To reduce that hollow sound, choose the smallest, most heavily padded room in your house – maybe a playroom or the nursery if you have kids, or your tiny office that is really a closet. In fact, try the closet. Toss a few extra pillows in with you. Bathrooms won’t work – tile gives a wicked echo.

Or you can choose the space I like best: the interior of my car. I sit in the passenger seat, pop open the laptop, and record away. Post-2000 cars have ridiculously plush interiors, so the usual echo is absorbed.

I stumbled upon car-as-studio in the usual way: the kids were asleep.

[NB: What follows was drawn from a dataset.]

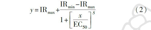 式中,x 為原水樣在稀釋水樣中的百分比;y 為呈現S 形形狀的發光抑制率;IRmax 和IRmin 分別為發光抑制率的很大值和很小值;S 為斜率參數;EC50 為很大半抑制濃度.

I had to make an MP3 without waking them, which put the whole upstairs off limits. Mothering and the necessity of invention.

Tutorial: making an MP3 for an online journal, part I

It’s becoming more common for online journals or print journals with a web presence to request that their writers send them MP3 files of the accepted piece being read by the writer. I love this trend – I’m always delighted to hear poems read aloud, the differently nuanced words, the surprise of a writer’s voice.

It was good fortune that PANK Magazine was the first journal to ask me to record an MP3 – they sent me a link to Audacity, a free, open-source software program for Mac, PC, and Linux users. Here’s the link to Audacity:

Most of you will be all set at this point, since all the newer Macs and PCs have built-in microphones. For those of you with older computers, run out to your nearest electronic shop and invest in a $30 webcam with microphone (the one I use is Logitech, though I’m sure there are lots of good brands). Setup takes about 90 seconds. You’ll also be able to Skype with all your faraway friends and family for free, so it really is worth that small investment. 

With Audacity now installed, give the software a test run. The buttons you’ll care most about are the big colored buttons top left, and on my Mac they look grayed out as if they weren’t available. Ignore the grayscale – they’ll work. Hit the red record button and sing a few notes. You can playback by tapping the purple arrows that point left, then tap the green play button. Grimace as you listen to yourself sing. Aren’t you glad you’re a writer? 

Now you can try recording some takes of your poem. I like to print out the poem first rather than fumbling with the down key and the on-screen version, though I sometimes get paper rattle noises if I’m not careful. If I mess up, I ditch that attempt and start over, since it’s harder to smooth out stops and starts in a recording. I’ll give my big tip on (almost) studio-quality recordings in part II of this tutorial. 

Once I have a recording I like, I usually go back and delete the fumbling sounds at the beginning and ending of the recording (from me starting and stopping Audacity). To edit, just click and drag your cursor over the second(s) you don’t like, then hit delete. There’s an undo button (arrow curving left) if you mess up. I’ve never bothered with any of the other buttons, but if you’re an AV-type person, have at it.

I usually save this file (by clicking File > Save Project) in its raw format, .aup. Then I export the file as an MP3 (by clicking File > Export As MP3). That’s the version you’ll send to the journal as an email attachment. 

I love this trend in online publishing, and I hope it’s more widely used as editors and writers become comfortable with the technology.